As for the razor blades? They were only beginning to come in from the 1890s and were considered a luxury item – much too expensive for The Peaky Blinders to have used. Plus any hard man would tell you it’d be pretty difficult to get direction and power with a razor blade sewn into the soft part of a cap. It was a romantic notion brought about in John Douglas’s novel, A Walk Down Summer Lane.Carl Chinn for Birmingham Mail
Bigs Did Fook Smalls
An Irish police constable was actually contracted to gather information, keep a close watch, and enforce law and order, much like the events surrounding the Sam Neil character Chester Campbell in season 1. But this constable wasn’t sent by Winston Churchill and he certainly wasn’t their downfall.
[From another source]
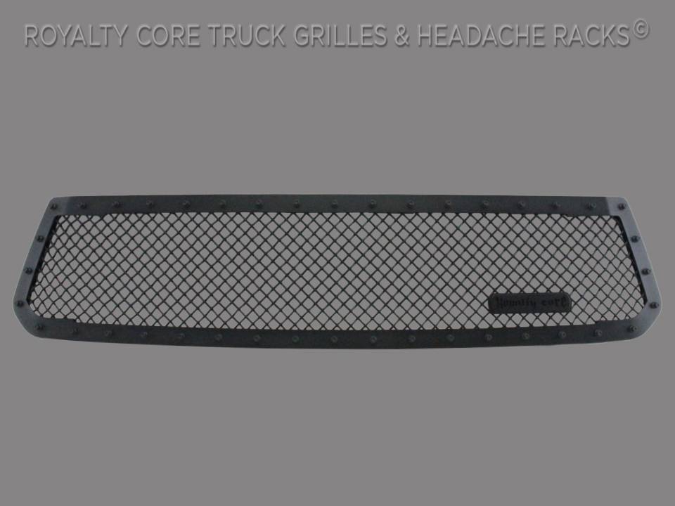 Royalty Core's classic RC1 grille design has clean lines with a dynamic 2-tone appearance for truck enthusiasts looking to make a bold statement. This RC1 design screams 1 custom grille and it shows with a distinct footprint. This grille exposes Royalty Core's race proven diamond mesh for accelerated airflow and appearance. Royalty Core's proprietary corrosion resistant stainless technology creates the most durable grille on the planet. Absolutely every piece is 100% T304 stainless steel. It's engineered to exploit the cleanest installation possible for your specific truck model. This Royalty Core grille is customized to best match your truck with military grade strength you can count on such as a 12 gauge stainless steel construction, optimal mounting brackets, CNC precision machined brackets, frame, and logos, hand fabricated, all gloss surfaces are buffed to a deep smooth mirrored finish, half inch detailed star point stainless stud design with secondary option for dimension, 5/16 & 3/8 threads, stainless super woven mesh, and absolutely no plastic. Royalty Core offers the industry's largest customized line of grilles and logos available.

The end of the Peaky Blinders came into effect when they were overtaken by the real-life Billy Kimber with the support of his real-life Birmingham Boys/Brummagem Boys (also portrayed in the first season).
Violence and bribery allowed The Peaky Blinders enormous levels of control in the area. Economically, politically and socially, The Peaky Blinders called the shots and dictated the decisions. Culturally, they were dominating the scene.– Jessica Brain for Historic UK
The Demise of the Real-Life Peaky Blinders
After a decade-long run of graduating from the junior leagues, achieving local political control through bribery and intimidation, generating a respectable amount of black revenue, and achieving expansions that enabled them to seize racecourses, they caught the unwanted attention of the real-life Billy Kimber, who was believed to be a Peaky Blinder himself at some point.
Obviously, there was backlash. The Peaky Blinders moved away into the countryside to avoid any further harm. Soon after, the Sabini rival gang (portrayed in season 2) made a move on Kimber and the Birmingham Boys, establishing themselves as kings of Central England. The latter slinked away back into their hidey holes when they were faced by a more dominant criminal force. Heavy lies the crown, as they say, and if you can’t bear the brunt of the weight, someone else will.
The Peaky Blinders faded into the margins of history, gangs no longer identifying under the namesake. Years later, ex-members grew ashamed of their actions with old, according to Chinn. The term “Peaky Blinders” or to be a “Peaky Blinder” eventually became nothing more than a generic term describing violent street youth.